◆ **EXTRACTED INFORMATION**
********************
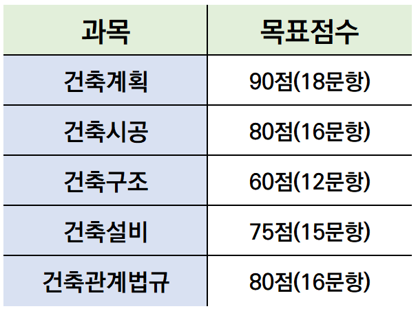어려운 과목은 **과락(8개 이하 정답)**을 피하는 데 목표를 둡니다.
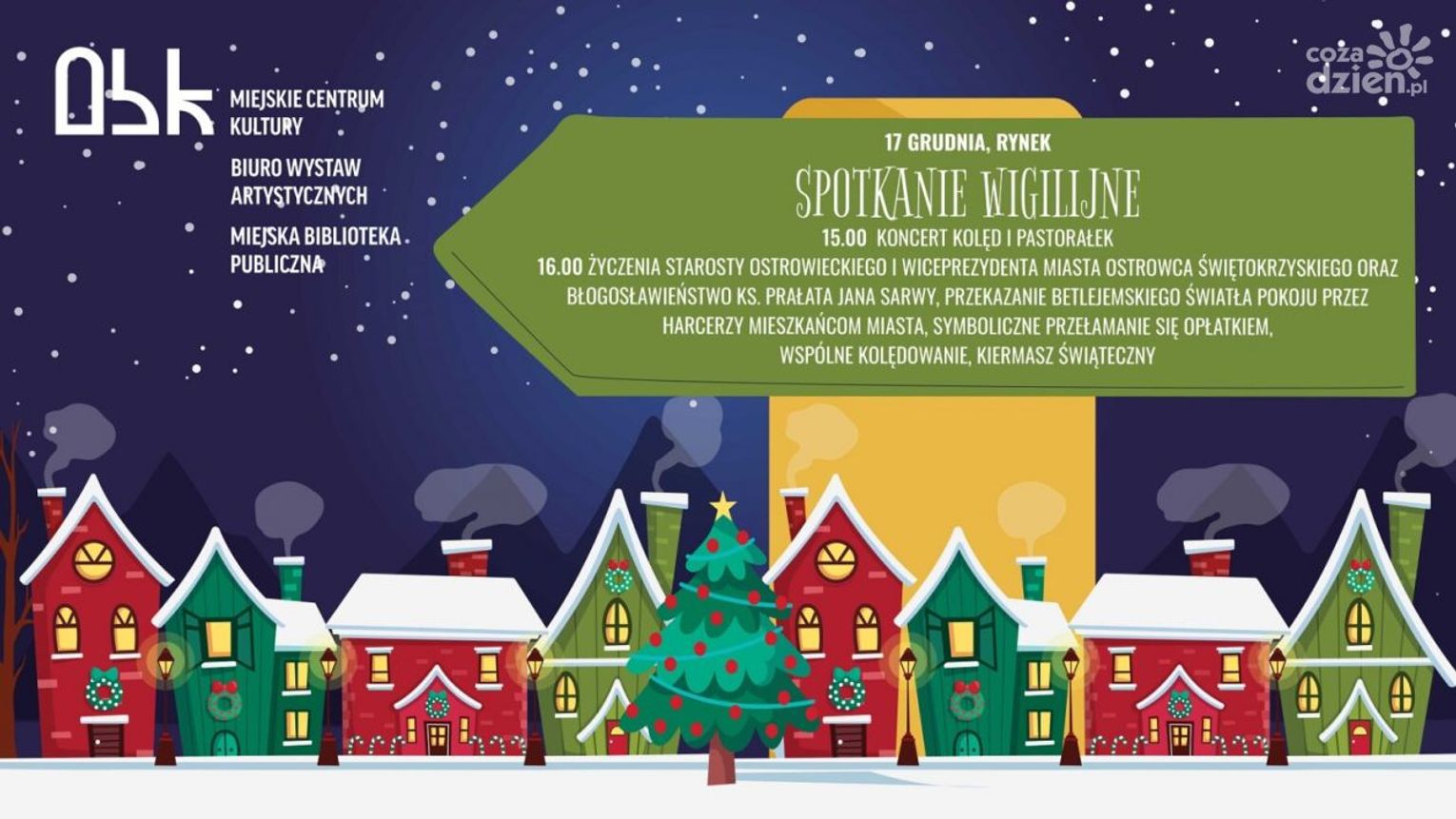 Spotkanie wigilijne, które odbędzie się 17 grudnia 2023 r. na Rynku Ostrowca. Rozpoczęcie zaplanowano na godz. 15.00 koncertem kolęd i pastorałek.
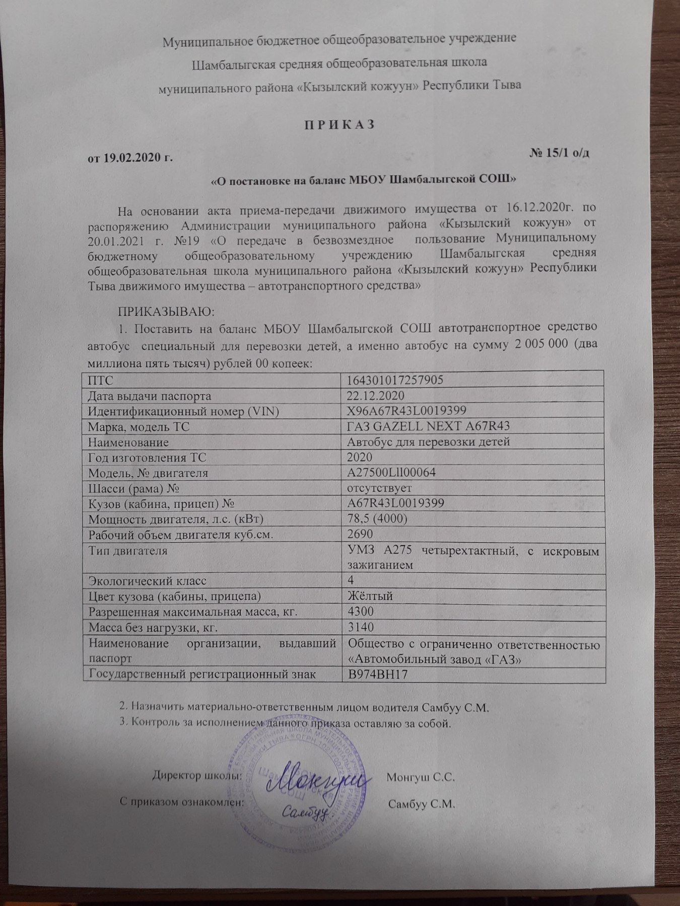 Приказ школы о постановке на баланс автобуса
********************
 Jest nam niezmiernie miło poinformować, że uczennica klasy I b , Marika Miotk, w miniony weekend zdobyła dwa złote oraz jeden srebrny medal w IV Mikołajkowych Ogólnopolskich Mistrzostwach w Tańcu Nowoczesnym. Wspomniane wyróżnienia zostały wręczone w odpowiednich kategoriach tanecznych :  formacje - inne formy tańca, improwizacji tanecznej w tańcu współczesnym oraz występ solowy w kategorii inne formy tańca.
********************
◆ **ASSIGNED TASK**
Keep to the stretch from the line containing "Spotkanie wigilijne, które" through the line containing "Приказ школы о постановке на баланс автобуса", both ends included, and copy it exactly from the listing above, minus the pictures.

◆ **EXERCISE RESPONSE**
 Spotkanie wigilijne, które odbędzie się 17 grudnia 2023 r. na Rynku Ostrowca. Rozpoczęcie zaplanowano na godz. 15.00 koncertem kolęd i pastorałek.
 Приказ школы о постановке на баланс автобуса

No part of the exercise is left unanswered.